快便が崩れて便秘になると、イライラしたり気分が優れなくなったりと、精神面にも影響があります。残便感があると気になって何度もトイレに行ったりもするので、仕事や学業に集中できないということもありますし、お腹が張って苦しければ夜もなかなか眠れないこともあるでしょう。このように、便秘になることで、健康面だけでなく生活の質(QOL)もどんどん低下してしまうことになるのです。


便秘薬との付き合い方には注意が必要
便秘に悩む人が取る対策のひとつに便秘薬の服用がありますが、便秘薬との付き合い方には注意が必要です。便秘の症状が重くて体がつらい時には、薬の力を借りることも効果的ですが、習慣的に飲んでよい薬ばかりではありません。
例えば、刺激性の便秘薬は、無理やり腸を動かして便を出させる働きをするため、腸管の粘膜がダメージを受けてしまい腸が動かなくなります。毎日飲み続けることで、だんだん薬が効かなくなり、薬の量を増やしても効果がないといった悪循環に陥ってしまうケースもあります。
最近は、無理やり刺激するのではなく自然に排便できるような便秘薬が増えてきました。小腸に水分を集めて軟便化する薬がその一例で、これらは長期的に服用する際にも安心できます。
生活習慣の改善を心がけ、毎日の“快便習慣”を
健康的な生活を送る上で、「快食・快眠・快便」はとても大切です。食べる方の「快食」には気を遣う人も多いですが、「快便」は意外と見落とされがちです。でも、快便であることの大切さ、つまり便秘の健康への影響を正しく理解しておくことが、健康維持の上で重要になってきます。
そもそも便秘になる原因は、水分不足や繊維不足、運動不足、睡眠不足などの生活習慣であるケースが多いものです。人間には適応能力があるため、多少便秘でも普通に生活ができてしまいますし、それに慣れるとそれに適応した腸になってしまいます。便秘になると腸は本来たまった便を押し出す働きをしなければならないはずなのに、便をためる貯蔵庫のようになってしまいます。短期的にはそれでもどうにかやり過ごすことができても、年をとって体が弱ってきた時に便秘に苦しむことになってしまうため、今から良い排便リズムを身につけていくことが大切です。

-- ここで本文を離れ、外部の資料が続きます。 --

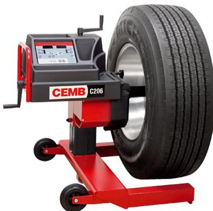
Рисунок 4 - Общий вид стендов C206
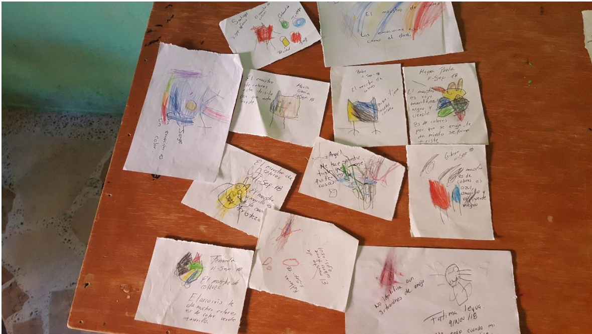
Producciones de los alumnos del monstruo de colores, describiendo como es para ellos el monstruo, porque es de colores y como es.
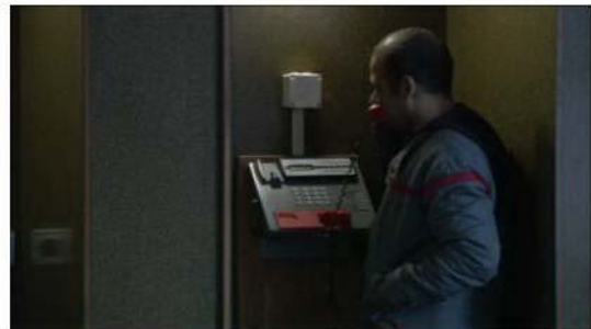
Abb. 7: Telefonat mit Nabil (La forteresse)

Für diese Stufe steht deshalb eine Sequenz im Film „La forteresse“, in welcher ein Mann, der Name bleibt unbekannt, in einer Telefonkabine telefoniert. Eine zweite Einstellung zeigt, dass sich nebenan von einer Mauer abgetrennt eine zweite befindet. Türen sind keine vorhanden, was die Privatsphäre einschränkt, weil dadurch die Gespräche mitgehört werden können. Der Mann

「排便習慣」という言葉がありますが、便を出すというのは、ある程度習慣性のあるものです。最初は難しくても、毎日便を出すという習慣をつけるよう心がければ、慣れてくればスムーズにできるようになっていきます。
快便を心がけてしっかりと便を出すというのは、健康面でもとても重要です。しっかりと便を出すことができれば、お腹が空いて、しっかり食べることで体調が安定して、気持ちも満たされます。それが快眠にもつながって、健康的な生活サイクルを保つことができるようになります。そうした健康の基本が「快便」なのです。

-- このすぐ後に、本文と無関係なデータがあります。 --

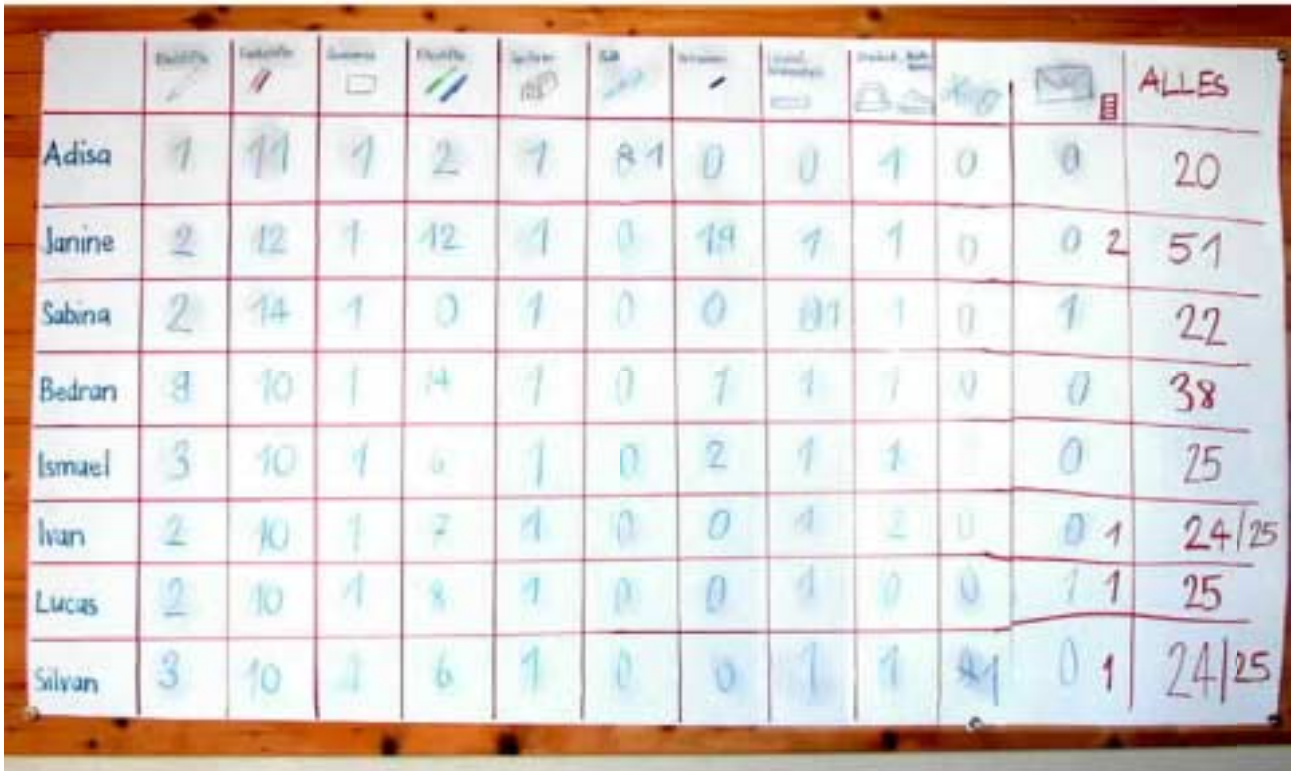
Tabelle mit der Übersicht über die Sachen im Etui - und der Gesamtzahl.
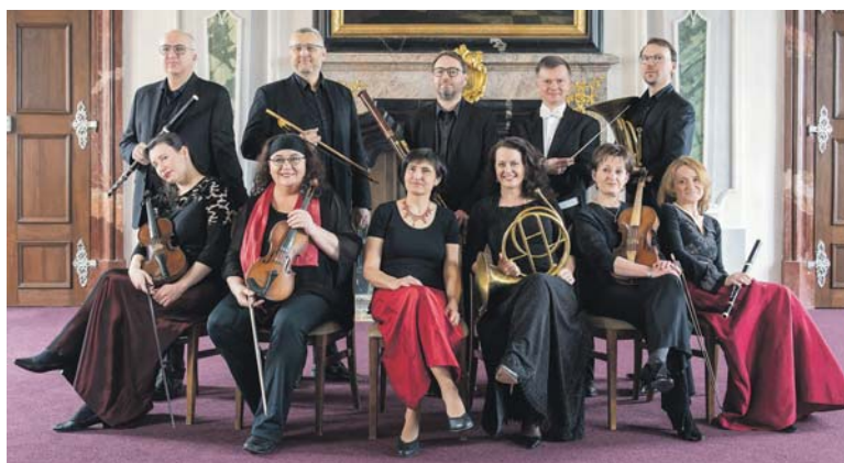
ORCHESTR Musica Florea hraje v co nejpůvodnějším hudebním aranžmá i ladění a používá dobové nástroje. Znamé skladby tak získávají nový zvuk a překvapí svou barvou nebo hravostí.
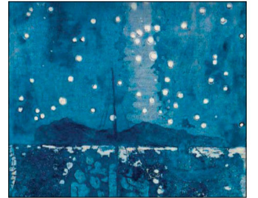
Particolare della copertina

Nella sua prefazione, Parisi individua a ragione una delle caratteristiche principali del libro nella capacità di tenere insieme il rigore dell'analisi e la volontà di rivolgersi a un pubblico ampio, non necessariamente specialista dei temi affrontati. De' Angelis e Piovani
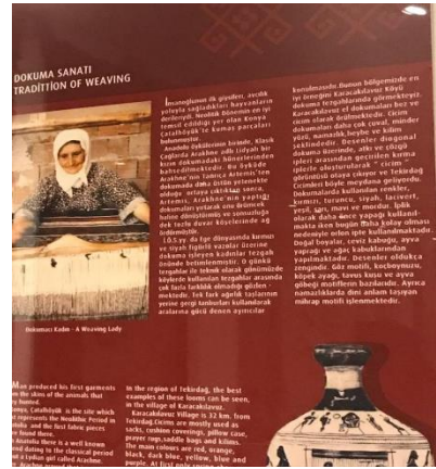
Şekil 15: Pano örneği (Arin, 2021).
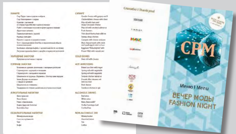
Пример меню клуба
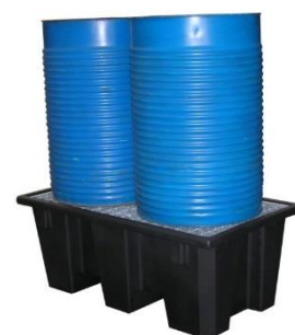
Bac en PE recyclé capacité 220 L
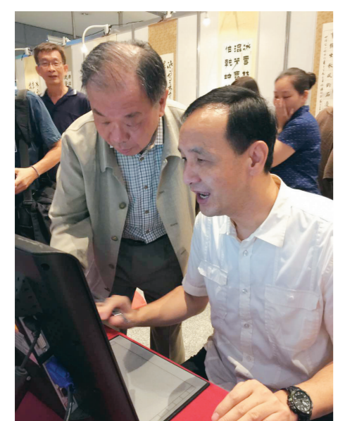
▲文鑄中心主任張炳煌(左)向新北市市長朱立倫(右)講解e筆。

張炳煌表示，藉由展示e筆過程中，得到青年族群的好評，期許更多人可以了解新的書寫科技工具，進入書法學習領域。

手軽に取り入れられる食事習慣として、食物繊維が豊富な食品以外にも、ビフィズス菌やオリゴ糖もおすすめです。善玉菌の代表であるビフィズス菌は腸管を動かしてくれるので、便が出やすくなります。またオリゴ糖はそのビフィズス菌のエサとなり増殖を助けてくれることが期待できます。まずはこうしたものを日常的に取り入れるところから、快便習慣をスタートしてみてはいかがでしょうか。